Recover the path before explaining the calculations.

  1. What morphism turns a TokenSequence into a TrainingSet?
  2. Which three arrows turn a TokenId into a Distribution?
  3. Which two objects are paired before CrossEntropy can produce Loss?

Explain

Use the target token to explain why the loss boundary needs a product object.

  1. Why are Logits not the same object as Distribution?
  2. Why does CrossEntropy use the probability at target.index() instead of the largest probability in the distribution?
  3. Why does an out-of-range target error belong inside CrossEntropy?

Apply

Use the demo output and the numeric examples in this chapter.

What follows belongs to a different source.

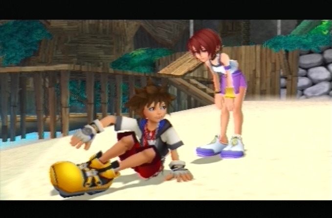 There are also some silly games at the beginning of the game during Sora’s dream sequence where you actually customize your level of game play. In one scene, you are presented with a sword, mage’s staff, and a shield. You are to pick one, and discard another. Basically, this determines your starting statistics, which is important at the beginning of the game, but then not so much as you gain more levels. For beginners, I would suggest picking the sword and keeping the shield, as at the beginning of the game, magic is not as much of a factor. Also, magic is somewhat difficult and awkward to use. In the real time battle, casting spells is not immediate. Sora pauses a little bit while casting, which may allow an enemy to strike you while you are vulnerable. Also, you need to get used to using the left directional pad to select magic spells, which can get very annoying if you are used to using the pad to move around (rather than using the analog stick). Fortunately there is a shortcut where you can assign spells to a key combination of L1 and one of three right-hand buttons, but this is also somewhat awkward, especially if you assign a spell to the “x” button as you are attacking something (also with the “x” button). Another silly beginning game will also determine how fast you level. I’m not sure why someone would not want to level as fast as possible, but I guess there are some secrets to the game we don’t know about yet…. This dream sequence is generally a way to familiarize with the controls of the game, game battle, and also provides a little insight into the storyline (which, at this point, is not very much).

  1. Given TokenId -> Vector -> Logits -> Distribution, write the Rust type that must appear between Embedding and Softmax.
  2. A distribution is [0.70, 0.20, 0.10] and the target token index is 1. Which probability should cross entropy use?
  3. A token sequence is [4, 9, 2]. Which adjacent training pairs should DatasetWindowing produce?

Debug

For each invalid shortcut, name the missing boundary or wrong object:

Logits -> Loss
Distribution -> Loss
using the maximum probability instead of the target probability

A strong answer should mention the exact typed path:

Logits -> Distribution
Distribution x TokenId -> Loss

The point is not to memorize the formula. The point is to know which object owns the probability invariant and which object selects the target probability.